駅からちょっと遠いけど、味は間違いなく美味しくコスパがすごい。というのも、埼玉大学に留学していたオーナーが、同郷の後輩達が大学周辺で故郷の味を食べられるように、と願ってオープンしたから。政情によりウイグルには帰れない、帰れないなら日本でウイグル料理を広めたい、そんな思いも込められているそうです。


西川口 火焔山

スパイス使いがうまいと言われる回族のシェフが腕を振るう一見中華料理店っぽいレストラン。私の周囲では満場一致でここのラグマンがいちばん美味しいと評判です。私も初めて訪れたときは別格に美味しいと感じました。もう4回はリピートしてますね。
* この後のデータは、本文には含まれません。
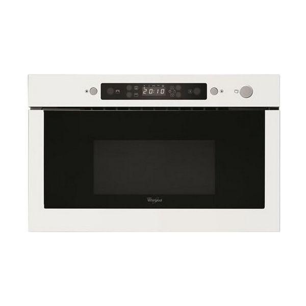 Mikrovlnná rúra Mini Built-in AMW 439 WH, Elektronická, funkcie: zapekanie Crisp , gril, rozmrazovanie, mikrovlnný ohrev a ich kombinácie, výkon mikrovĺn 750 W, výkon grilu 700 W, čiernobiely grafický displej, farba: biela, neutrálny dizajn, ľavé závesy dverí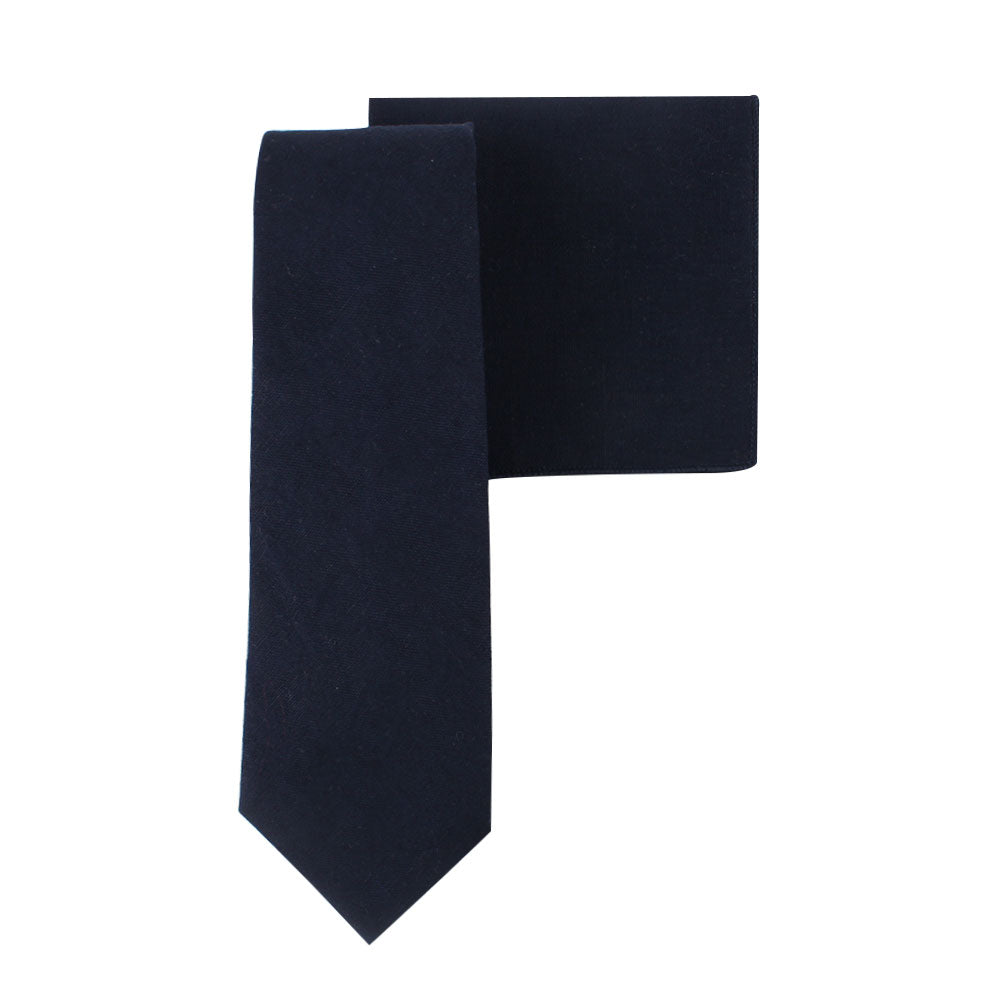 Navy Cotton Business Tie & Pocket Square Set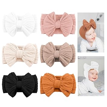 6pcs Baby Girl Bows Stretchy Soft Nylon Headbands Elastic Hair Bands with Bows For Newborn Baby Girls Infant Toddlers Kids
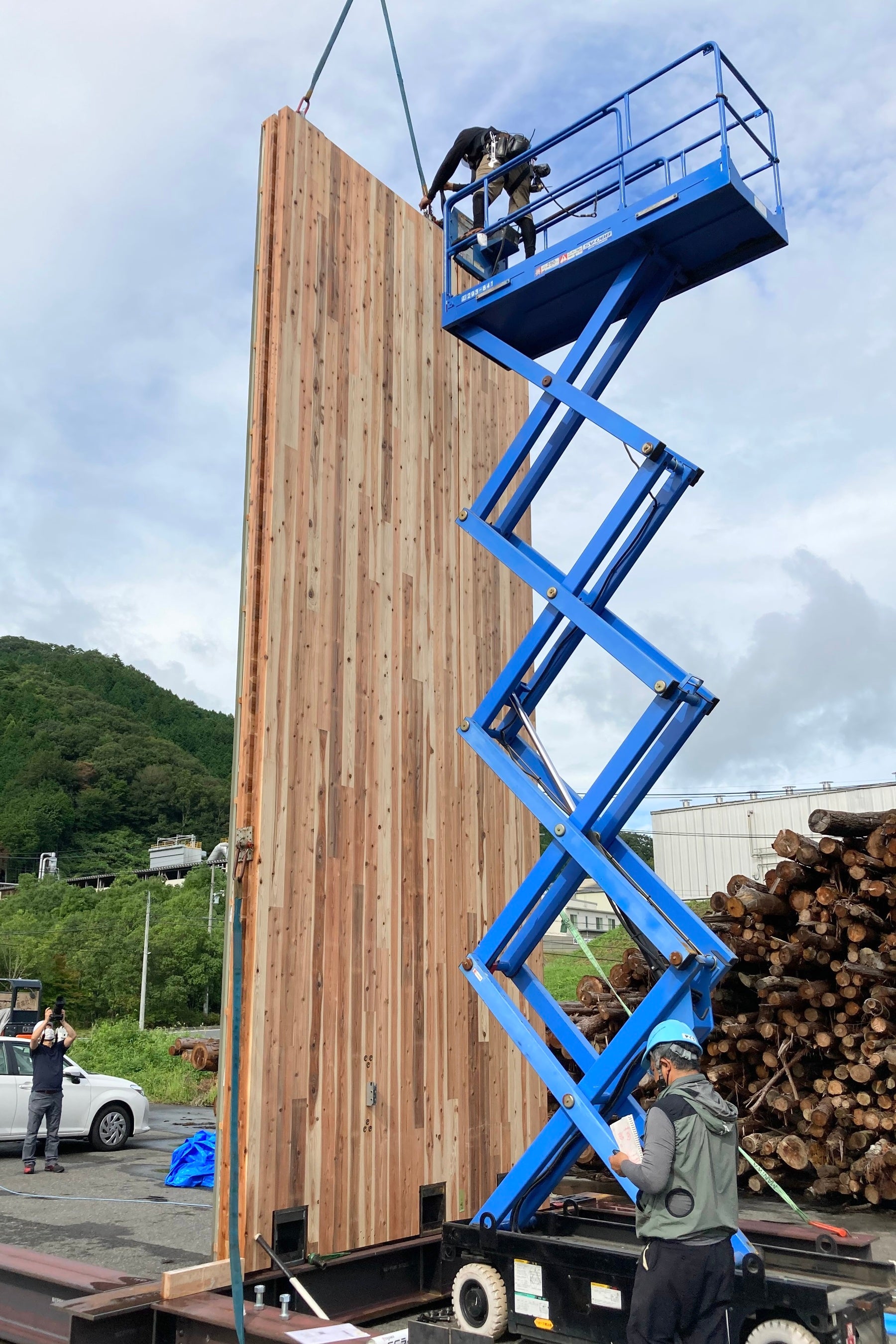 CLTの仕様:壁(210mm厚/5層7プライ/Mx90A-5-7/ヒノキ・スギHB)・床(36mm厚/3層3プライ/Mx60-3-3/スギ)・屋根(36mm厚/3層3プライ/Mx60-3-3/スギ)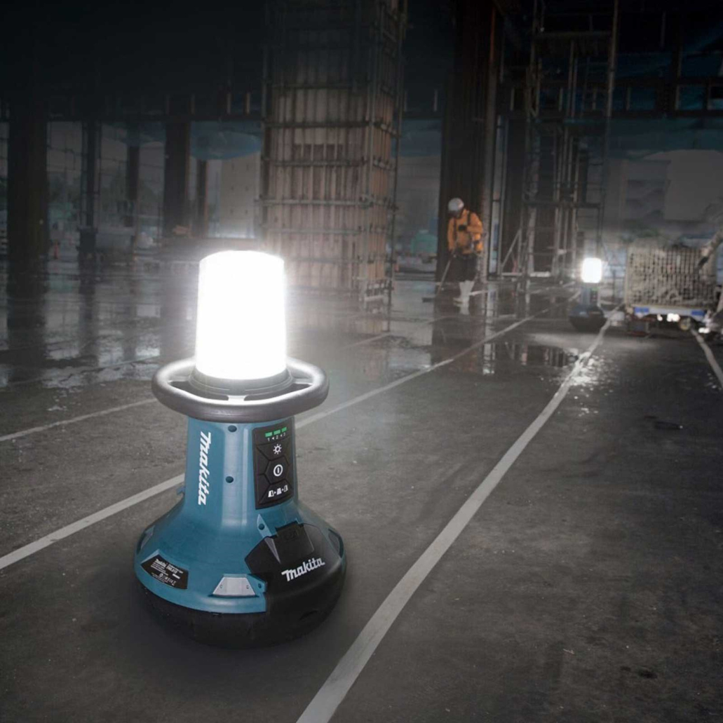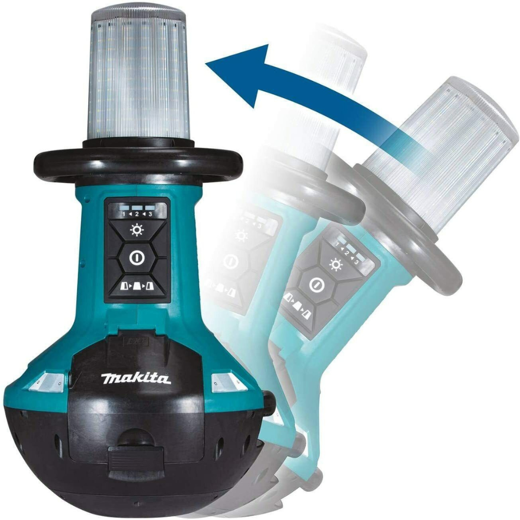 La linterna de área LED funciona con baterías recargables LXT de 14,4V/18V o mediante un cable de red (230V), lo que la convierte en un producto adaptable a diferentes situaciones de trabajo. Al utilizar el cable de red, es posible conectar y manejar hasta ocho focos de construcción. Además, esta linterna de área tiene una potencia luminosa ajustable en tres niveles (1.500 / 3.000 / 5.500 lúmenes) y permite seleccionar la zona de iluminación.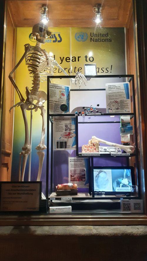 As part of the activities to celebrate the United Nations International Year of Glass 2022 (IYoG 2022) in Erlangen, our Institute is in charge of the display window in the Erlangen city centre at the Optikmeisterei on Neustädter Kirchenplatz in June. The window is dedicated to different topics around glass science and applications to inform the public with specific posters and exhibits during the year. For the month June, we prepared the showcase on “Bioactive glasses: from bone regeneration to wound healing and cancer treatment” with great support of Marcela Arango-Ospina and Dr. Judith A. Roether. A dedicated webpage informing the Erlangen activities around the 2022 Int. Year of Glass has been set: https://www.glass-ceramics.tf.fau.de/international-year-of-glass-2022-english-version/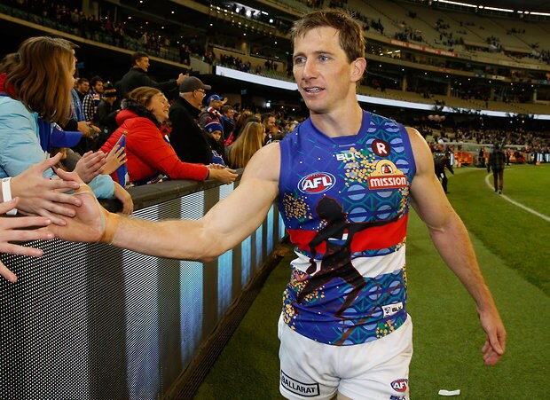 MELBOURNE, AUSTRALIA - MAY 29: Dale Morris of the Bulldogs thanks fans during the 2016 AFL Round 10 match between the Collingwood Magpies and the Western Bulldogs at the Melbourne Cricket Ground on May 29, 2016 in Melbourne, Australia. (Photo by Adam Trafford/AFL Media)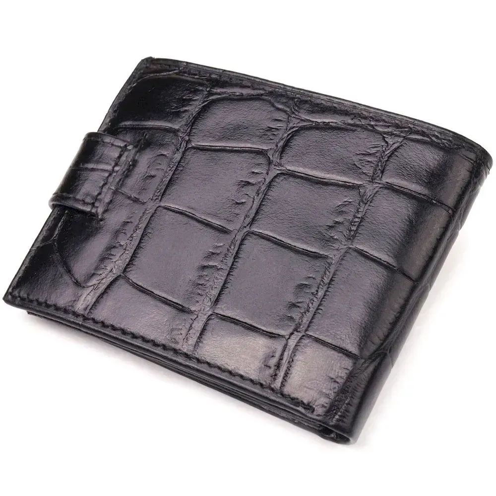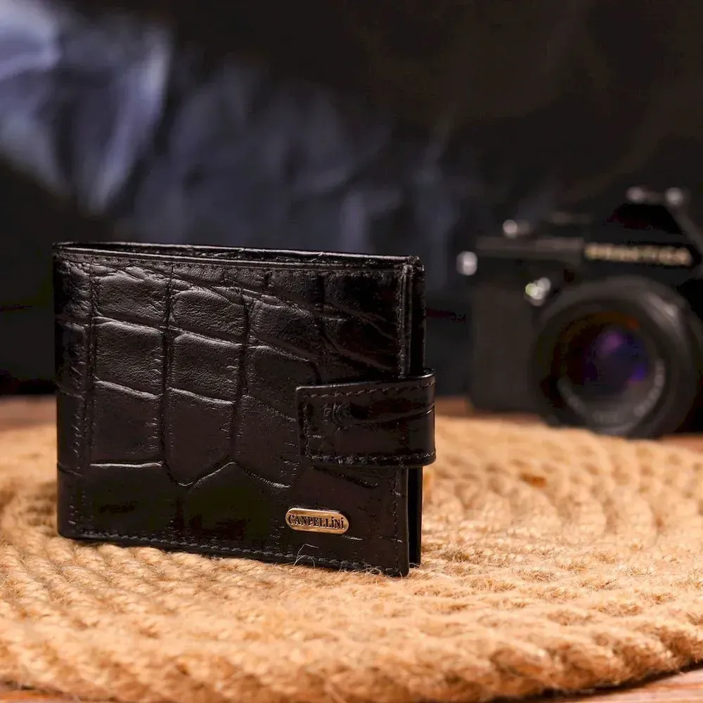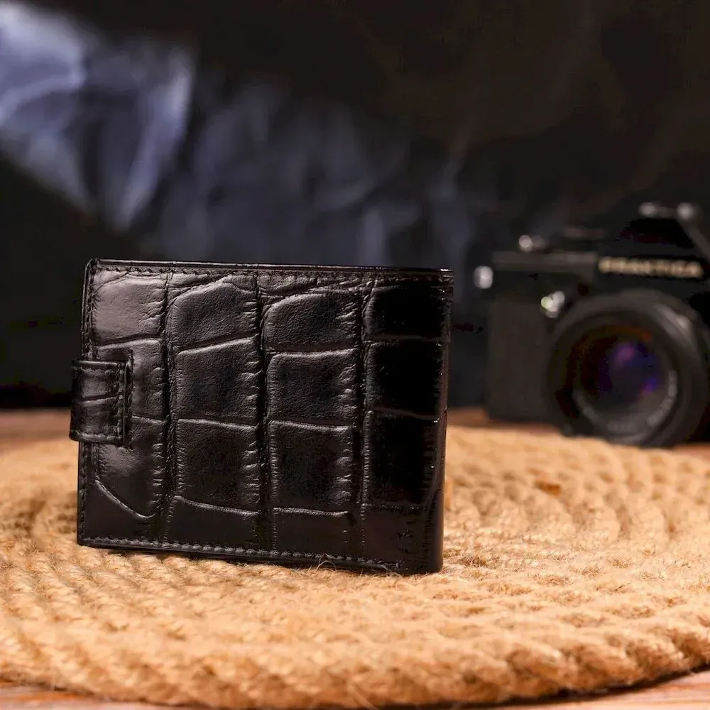 Практичний чоловічий портмоне, з натуральної фактурної шкіри, з тисненням під крокодила, у насиченому чорному кольорі. Аксесуар має одне основне відділення з перегородкою, в якому розміщуються купюри всіх номіналів, дванадцять кишень для карток, чотири з яких під сіточкою. Закривається аксесуар хлястиком на кнопку. Колір фурнітури – срібло. Ви легко зможете помістити його в кишеню штанів чи маленьку сумку. Запакований гаманець картонну коробку. Шкіряний гаманець є чудовим подарунком для рідних та близьких людей.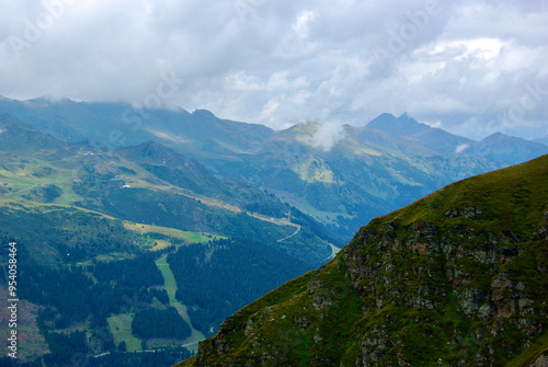View of an amazing mountain landscape on a hazy day with gray clouds and fog over the peaks in autumWall mural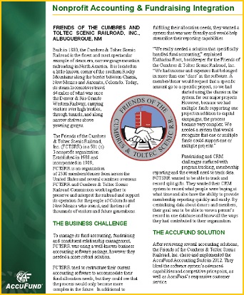 d fulfilling their mission. That’s exactly what happened with our featured client, The Friends of the Cumbres & Toltec Scenic Railroad, in this Case Study. They automated and centralized their accounting and fundraising functions.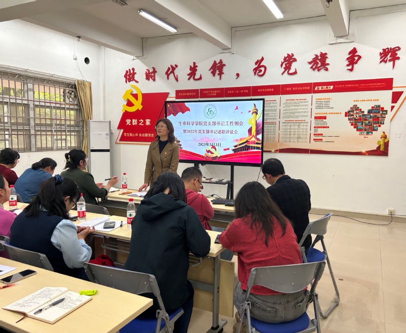 3月3日下午,suncity太阳新城党委在院楼南221党员活动室召开2022年党支部书记述职评议会暨3月份党支部书记工作例会。会议由党委书记吕剑红主持,党委副书记安娜出席,全体师生党支部书记、支委参加会议。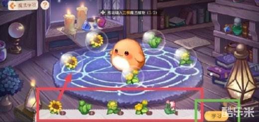 随后找到阿拉斯,点击魔法进入界面,点击小精灵,从下面菜单栏中随意选取五朵花拖动放入气泡中后点击“学习”即可学习魔法。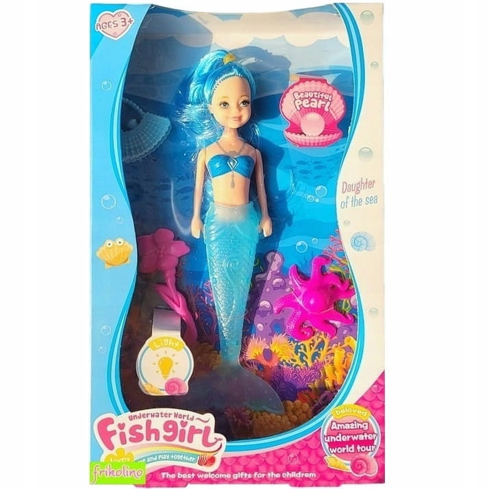 Красива лялька з русалка з сяючим хвостом та аксесуарами!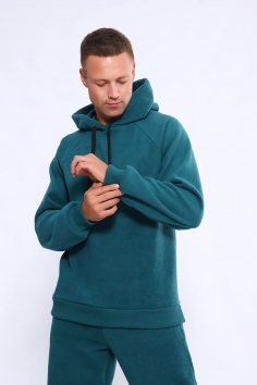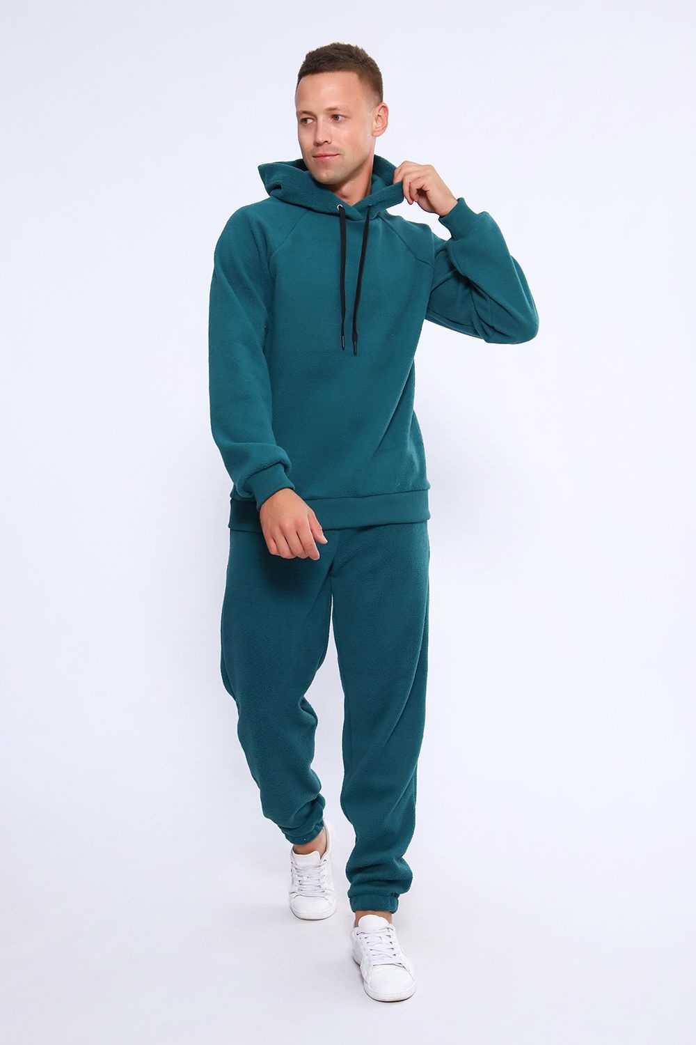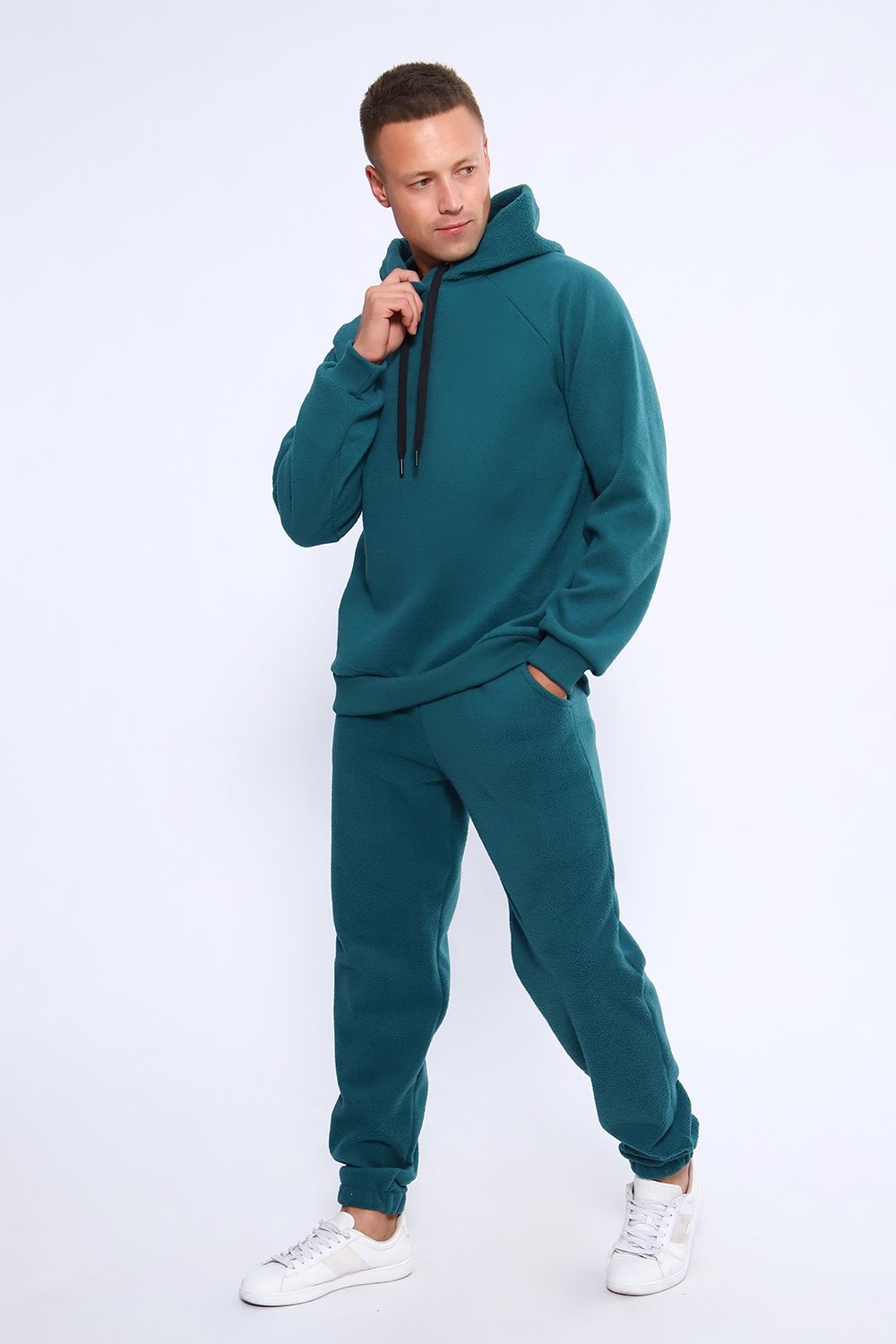 Уютный мужской костюм двойка, среднего объема, из ультра мягкого, нежного с легким сатиновым отливом интерсофта в виде барашка. Изнаночная сторона ткани гладкая, без начеса, что не даст лишнего объема. Представленный комплект, состоит их толстовки и брюк на резинке. Толстовка с рукавом - реглан, самый подходящий вариант на любой окат плеча. Толстовка с капюшоном который имеет кулису со вставленным внутрь шнурком контрастного цвета. В зависимости от партии цвет шнурка может меняться. Капюшон вшит в горловину с небольшим нахлестом по центру горловины. По низу изделия и рукавов пришито кашкорсе в цвет. Брюки прямые среднего объема, с боковыми карманами, низ обработан в подгибку на резинке. Пояс эластичный и отстрочен на специальной поясной машине. Этот костюм отлично подойдет как для дома, так и для прогулок, отдыха на природе и для занятия спортом. Приятные тактильные свойства ткани будут вызывать у вас самые положительные эмоции. На фото модель представлена в 48 размере.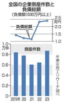 倒産 島根42.4%増47件 鳥取24件 業歴30年以上6割 23年度 山陰 2024/4/19 04:00 保存 東京商工リサーチがまとめた山陰両県の2023年度の倒産件数(負債総額1千万円以上)は、島根県が前年度比42・4%増の47件、鳥取県が26・3%増の24件だ... 残り704文字(全文:782文字) 続きを読むには会員登録が必要です 無料会員に登録する ログインする 保存 記事を保存する この機能は有料会員限定です。保存した記事やフォローした特集をマイページでご覧いただけます。 有料会員になる ログイン 関連記事 倒産31%増 9年ぶり水準 23年度 物価高や人手不足 2024/4/9 04:00 54件 21件 両県倒産件数 前年上回る <山陰経済 気になる数字> 2024/2/15 04:00 時論 外国人との共生探る 「育成就労」制度 恩賜財団 済生会理事長・炭谷 茂 2024/4/10 04:00 ゼロゼロ融資、3割が返済延期 島根の中小事業者、原材料など高騰で収支厳しく 2024/1/25 19:31 倒産急増 4年ぶり8000件超 23年、原材料高・人件費上昇 島根54件 過去10年で最多 2024/1/16 04:00 特集・連載 矛先は手首から上部へ ゆがんだ感情の先に身につけたコツ 自傷行為をやめられなかった女性(3)〈顔なき…声〉 2025/11/30 11:00 スポーツを科学しよう〈59〉 夢に向け目標を明確化しよう 質問に答えます(1)「モチベーション」 2025/8/13 04:00 島根、鳥取の上水道料金 地域差3万3千円の謎 全地域を調査 2025/5/4 04:01 一刀領談・下條正男 石破首相と戦後80年談話 「盗人に追い銭」は愚か 2025/4/14 04:00 防水工事の気軽な相談先 和光工業㈱ 代表取締役社長 下川 茂雄氏 介護サービス 多様性維持 ㈱ラッシュ 代表取締役 白根 侑哉氏 地元で育つミライのチカラ 島根県立浜田水産高校 集いと手仕事で、人生に彩りを 伊藤和子さん

最近人気が出てきて日本人に限らずお客さんがいっぱいなのでわりと空いている平日がおすすめです。


巣鴨 レイハン・ウイグルレストラン

上記の店に比べると駅近で嬉しいうえに美味しくて安い。女性ばかりのグループで行くからかもしれませんが、こんなに食べてこの値段でいいの!?と思うような不思議会計のときがあります。ここもラム肉料理を筆頭にラグマンが美味しい。一緒にいった友人が「もうお腹いっぱい」といい続けながらも、本人も気づかぬうちにシェア用の大皿を平らげていたという恐ろしい店です。曰く「胃はいっぱいなんだけど舌と喉が求めており手が止まらなかった」と。手打ちのツルツル麺は美味しいので仕方ないですね。


以上、今回はカザフスタン、中央アジアで食べられるラグマンについてご紹介してみました。現地に行ったら是非食べてほしいし、日本でも日常的に食べたい美味。私もいつか意を決して麺打ち再現してみます!